In other words, the tech edgelord who exuberantly dispatched an X post reading “CFPB RIP” has decided that his belated move into the digital-wallet sector for his revenue-hemorrhaging vanity social-media property is reason enough to condemn Americans to lethal medical debt, predatory lending, and rampaging fraud.
Of course, Musk is also an obliging blunt instrument in the broader Republican assault on CFPB. Trump had already canned Chopra early into his second term, and provisionally installed Treasury Secretary Scott Bessent as its acting head. But that makeshift plan soon yielded to an administrative death sentence, as newly confirmed Office of Management and Budget director Russell Vought, the Christian nationalist zealot who’d overseen Project 2025, took the reins. Project 2025 devoted an entire chapter to the sacred cause of wiping out the CFPB, which in the florid reverie of author Robert Bowes was “a shakedown mechanism to provide unaccountable funding to leftist nonprofits politically aligned with those who spearheaded its creation.”
Vought wasted little time in reciting from the same hymnal. In his own X post over the weekend, the MAGA-ratchik announced that he was zeroing out the agency’s next round of funding from the Federal Reserve, claiming its present $700 million surplus was “excessive in the current fiscal environment,” and that “this spigot, long contributing to CFPB’s unaccountability, is now being turned off.” Vought also e-mailed CFPB officials to direct them to cease issuing guidances and rules, to suspend public communications, and to shutter all legal actions and supervisory activity—a de facto cry of “Olly olly oxen free” to bad actors in the financial sector. The CFPB has instructed employees to stay home all this week as the MAGA-led disembowelment proceeds.

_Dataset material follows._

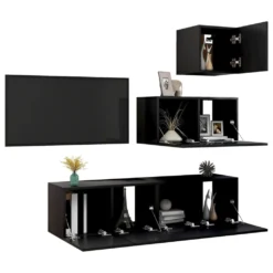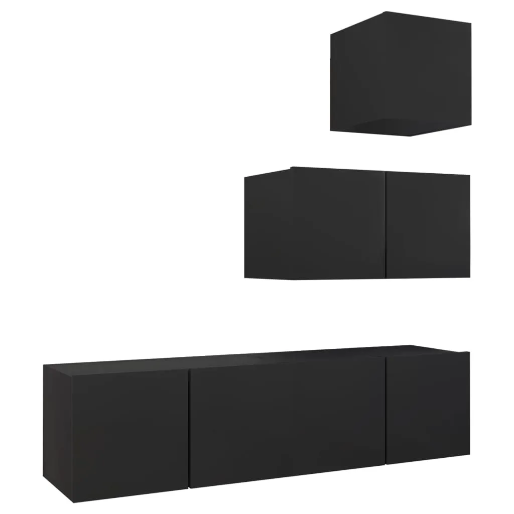 VidaXL 4-tlg. TV-Schrank-Set Schwarz Holzwerkstoff

The National Treasury Employees Union, which represents staffers at CFPB, has filed suit to block Vought’s order; the union has also filed a separate suit seeking to rescind Vought’s authorization of the DOGE team to access the agency’s internal communications system. It’s unclear whether the complaints will have much practical effect, however, against a Trump White House increasingly disinclined to abide by court rulings.
A handful of critics within the MAGA movement have pointed out that it’s far from a boon to the ostensible “populist” Trump brand to unloose the world’s richest man to execute a contract hit on basic consumer protections in a grossly unequal financial sector. Unless Musk’s self-dealing rampage is curbed, writes Sohrab Ahmari, the right-wing pundit who veers left on economic issues, in Unherd, “Trumpians will end up betraying the millions of working-class and union households who pulled for them in last year’s election seeking immigration sanity and economic protection—not to make it easier for Big Finance to surveil and debank them, or for Musk to use his new government job to stymie organising efforts at his firms.”
Indeed, not long before the November election, a few GOP members of Congress, which included the Republican chair of the House Financial Services Committee, Patrick McHenry, actually praised Chopra for his testimony at the House Financial Services Committee, as he outlined a new rule for bankers and financial institutions. That show of common purpose now seems as alien to the raw oligarchic agenda of Trump 2.0 as the substance of the rule in question: It sought to give consumers greater control over who could review and circulate their financial information. Score another one for Elon Musk.